Jenderal Polisi (Purn.) Hoegeng Imam Santoso (14 Oktober 1922 – 14 Juli 2004) dikenang sebagai salah satu figur terbersih dalam sejarah institusi Polri. Ia menjabat sebagai Kapolri kelima pada 9 Mei 1968 hingga 2 Oktober 1971, dan mendapatkan julukan “The Honest Policeman” karena konsistennya memberantas korupsi dan penyalahgunaan kekuasaan.
Dikenal tidak menerima suap atau hadiah, Hoegeng memilih hidup sederhana. Pada 1955, saat ditugaskan memberantas penyelundupan di Sumatera Utara, ia menolak tawaran mobil dan rumah dari pelaku, dengan tegas menyatakan bahwa lebih baik hidup melarat daripada terlibat korupsi. Keputusannya mencerminkan integritasnya yang tinggi. Bahkan, demi menjaga reputasi, ia meminta istrinya menutup usaha toko bunga ketika dipercaya memimpin Imigrasi pada 1960, untuk menghindari konflik kepentingan.
Dalam kepemimpinannya, Hoegeng tidak takut membongkar kasus-kasus besar, termasuk penyelundupan yang melibatkan pejabat tinggi. Namun, keberanian itu juga membuatnya semakin terkucil dari pusat kekuasaan. Ia memilih mundur dari jabatan Kapolri pada 1970, karena merasa sistem yang korup tak memberikan ruang bagi upayanya.
Reputasi kejujuran Hoegeng juga diabadikan lewat humor tajam Presiden ke-4 KH Abdurrahman Wahid (Gus Dur) yang mengatakan:
“Di Indonesia ini hanya ada tiga polisi jujur: polisi tidur, patung polisi, dan Hoegeng.”
Sindiran ini bukan sekadar guyon, tetapi kritik tajam terhadap tingkat kejujuran aparat Indonesia saat itu.
Pasca pensiun, Hoegeng menolak tawaran jabatan ambassadorship maupun posisi politik dari rezim Orde Baru. Ia memilih hidup rendah hati, menekuni seni—menyanyi dan bermain gitar bersama grup “The Hawaiian Seniors” di TVRI hingga tahun 1979—serta berperan sebagai penolak otoritarianisme melalui gerakan seperti Petisi 50, kelompok intelektual dan pemimpin militer kritis terhadap kekuasaan Presiden Suharto .
Akibat kritiknya terhadap Orde Baru, Rezim memblokir program musik dan siarannya; ia pun dilarang menghadiri peringatan Bhayangkara dari 1987–1996 .

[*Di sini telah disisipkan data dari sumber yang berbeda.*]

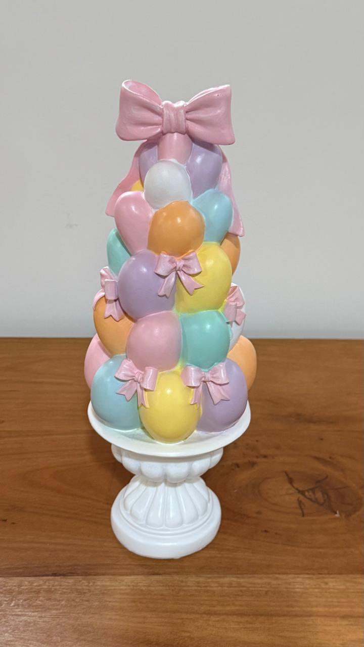 Topiaria em resina decorativa de ovos coloridos e laços cor de rosa, com 31cm de altura.
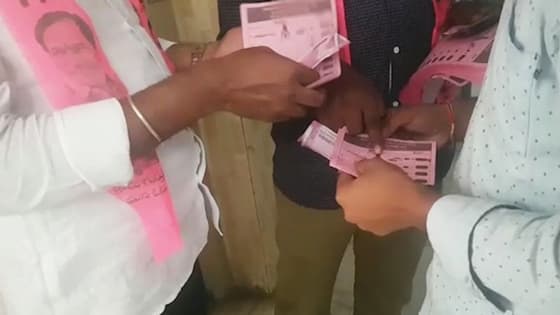 A video of Telangana Rashtra Samithi (TRS) leaders distributing money to voters along with ballot papers in Warangal city has gone viral. The leaders are seen distributing Rs 2,000 notes along with model ballot paper. Telangana is going for Assembly election on December 7. Campaigning has come to an end.

Akademisi seperti Mia Awaliyah menegaskan bahwa karakter Hoegeng—terbuka, jujur, sederhana, dan bertanggung jawab—menjadi tolok ukur keteladanan pemimpin berkualitas. Dalam studi yang dipublikasikan pada 2019, ia disebut sebagai contoh integritas sejati di tengah penurunan kredibilitas publik terhadap pemimpin masa kini.
Hoegeng bukan sekadar mantan Kapolri, melainkan ikon moral penegakan hukum. Di tengah berbagai godaan politik dan korupsi, ia memperlihatkan bahwa kejujuran dan keberanian—meski harus menghadapi tekanan berat—adalah fondasi utama bagi institusi kepolisian yang dipercaya masyarakat. Sosok Hoegeng menjadi inspirasi abadi bagi generasi penerus, bahwa pangkat dan jabatan luput dari nilai jika tidak dilandasi integritas.